Rodó solo cinco películas en su breve vida. Pero menudos peliculones: El padrino, La conversación, El padrino II, Tarde de perros y El cazador. Todas ellas nominadas a los Óscar. También apareció, mediante imágenes de archivo, en El padrino III, infravalorado cierre a la mejor trilogía de la historia del cine. Fue un actor secundario imbatible. Minucioso. Laborioso hasta la extenuación y la exasperación de guionistas y directores, que le apodaron, con sarcasmo lacerante, «el veinte preguntas». Siempre quería saber más sobre los personajes que construyó. Una galería de perdedores mezquinos, tambaleantes, pusilánimes y desgarrados. Escarbó más allá del aparente fondo de sus propias emociones con el fin de plasmar vívidos e intensos retratos de la miseria moral. Sus más aclamados amigos y compañeros de tablas y plató —pongamos por caso Robert de Niro y Al Pacino— eran capaces de arrojar en sus interpretaciones odio, ira, crueldad gélida, venganza despiadada con soberbia convicción; sin embargo, bordaban el patetismo, la debilidad vulnerable, el resentimiento del cobarde. John Cazale supo transmitir como pocos la pasta de la que están hechos los humillados y vencidos. El ninguneado y desleal Fredo Corleone de El padrino, el atracador desquiciado y semianalfabeto Sal Naturile en Tarde de perros o el bufonesco Stanley de El cazador son caracteres tragicómicos que se apoderan del plano a través de extravagantes gestos, miradas apaleadas y un sutil dominio del tiempo y el espacio. Como afirma Pacino en el documental Descubriendo a John Cazale: «Te ayudaba a ser mejor».
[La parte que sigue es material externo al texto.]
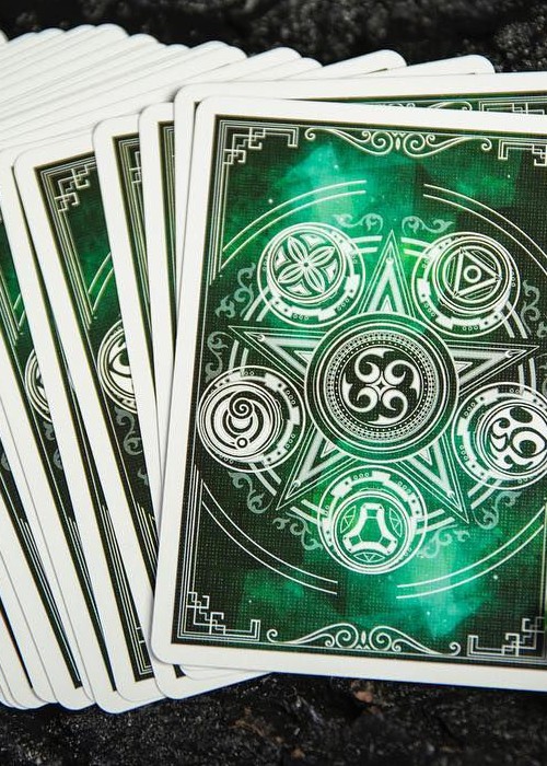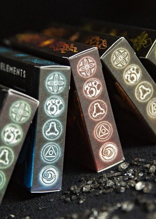 The full set consists of 5 decks of cards. 5 distinct designs correspond to 5 elements, which are represented as a totem on the back of the card and the card box.
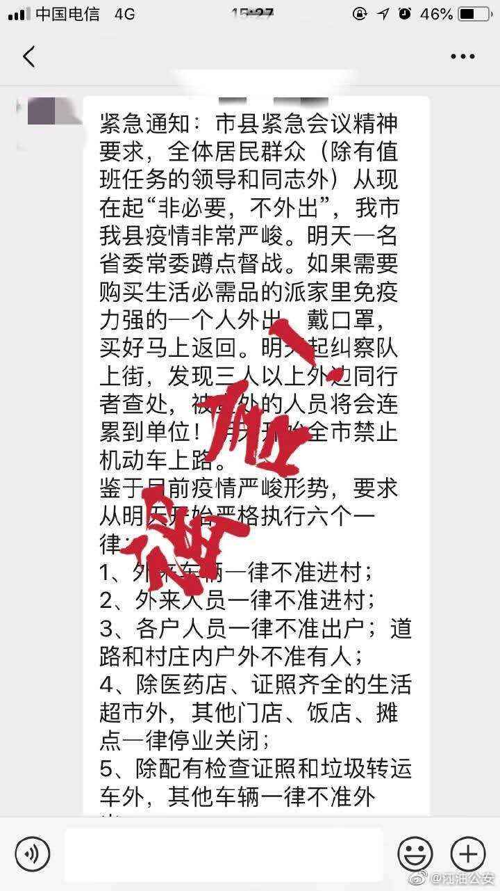 #微博辟谣##关于新型冠状病毒的谣言#网上流传的《紧急通知》,什么“市县紧急会议精神要求……市县各城区内于今日凌晨24后...
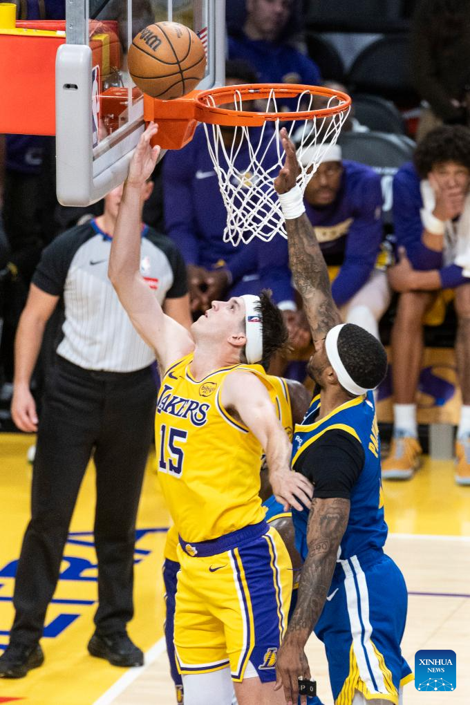 Los Angeles Lakers' Austin Reaves (L) goes to the basket during the 2025-2026 NBA regular season match between Los Angeles Lakers and Golden State Warriors in Los Angeles, the United States, Oct. 21, 2025. (Photo by Ringo Chiu/Xinhua)
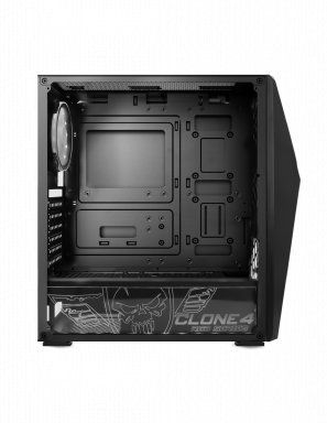 De CLONE 4 is een hoogwaardige gaming behuizing, ontworpen voor de meest veeleisende configuraties. Met zijn innovatieve scharnierende glazen zijwand, gebogen ARGB-verlichte front en uitgebreide koelingsmogelijkheden biedt deze case de perfecte basis voor een indrukwekkende en krachtige gaming setup.

La maestría de Cazale subía el nivel de los que le rodeaban. Los que bajaban la guardia en los diálogos o interpretaban con desidia mecánica sus papeles eran devorados en cada escena. Incluso un duro poco dado a los elogios como Gene Hackman reconoce que en La conversación tuvo que emplearse a fondo para mantenerse en el centro gravitatorio de la historia. Cazale era intenso. «Extremadamente intenso», puntualiza Hackman. Aportaba a personajes odiosos una humanidad palpable, triste y veraz. Una de las mayores muestras de esa humanidad la encontramos en Tarde de perros cuando el atracador que encarna Pacino le pregunta si hay un país al que quiera ir. Tras pensárselo un momento responde con total seriedad: «Wyoming».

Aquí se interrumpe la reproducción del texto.